Answer
The remainder is zero.
$\{-1,\frac{1}{3},\frac{1}{2}\}$.
Work Step by Step
Use synthetic division to divide the polynomial $6x^3+x^2-4x+1$ by $x-c$, where $c=\frac{1}{2}$.
$\begin{matrix}
\frac{1}{2}) &6&1&-4&1 \\
& &3&2&-1 \\
& --&--&--& --\\
& 6&4&-2&0
\end{matrix}$
The quotient is $6x^2+4x-2$ and the remainder is zero.
Since the remainder is $0$, it means $\frac{1}{2}$ is a solution of the given equation.
Factor the given expression using the result from the synthetic division.

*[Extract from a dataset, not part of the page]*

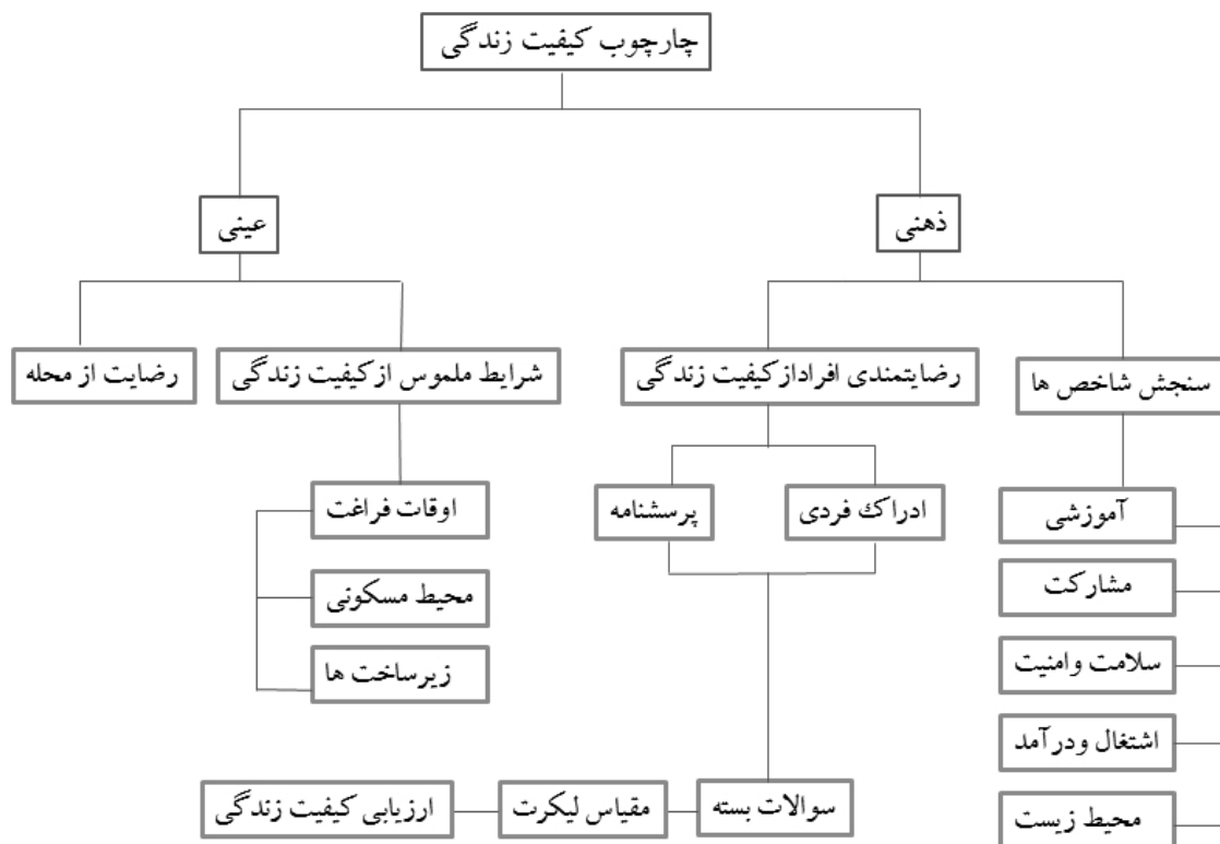
تصویر ۱- چارچوب کلی کیفیت زندگی عینی و ذهنی و روند کار پژوهش

چارچوب مفهومی کیفیت زندگی: قرن‌ها است که مردم به‌طور ذاتی به دنبال یک زندگی خوب بوده‌اند و در این راستا برای بهبود شرایط زیست خود سعی می‌کردند تا از استعداد و توانمندی‌ها و ظرفیت‌های خود، حداکثر بهره‌برداری را بنمایند. ازاین‌رو همواره مسئله اصلی این بوده که زندگی مطلوب و باکیفیت چگونه زندگی است. کیفیت زندگی یکی از رویکردهای نوین درزمینه اصلاح و تکامل توسعه است که در پرتو نفوذ این مفهوم رویکردی جدید در عرصه برنامه‌ریزی شهری شکل گرفته که معتقد است برنامه‌ریزی شهری علاوه بر توجه به اهداف کالبدی باید به نیازهای کیفی مردم شهر پاسخ گوید (سجادی و صدرالسادات، ۱۳۸۸).

$\Rightarrow (x-\frac{1}{2})(6x^2+4x-2)=0$
Factor out $2$.
$\Rightarrow 2(x-\frac{1}{2})(3x^2+2x-1)=0$
Factor $3x^2+2x-1$.
Rewrite the middle term $+2x$ as $3x-1x$.
$\Rightarrow 3x^2+3x-1x-1$
Group the terms.
$\Rightarrow (3x^2+3x)+(-1x-1)$
Factor each term.
$\Rightarrow 3x(x+1)-1(x+1)$
Factor out $(x+1)$.
$\Rightarrow (x+1)(3x-1)$
Back substitute into the equation.
$\Rightarrow 2(x-\frac{1}{2})(x+1)(3x-1)=0$
By using zero product rule set each factor equal to zero.
$\Rightarrow x-\frac{1}{2}=0$ or $x+1=0$ or $3x-1=0$
Isolate $x$.
$\Rightarrow x=\frac{1}{2}$ or $x=-1$ or $x=\frac{1}{3}$
The solution set is $\{-1,\frac{1}{3},\frac{1}{2}\}$.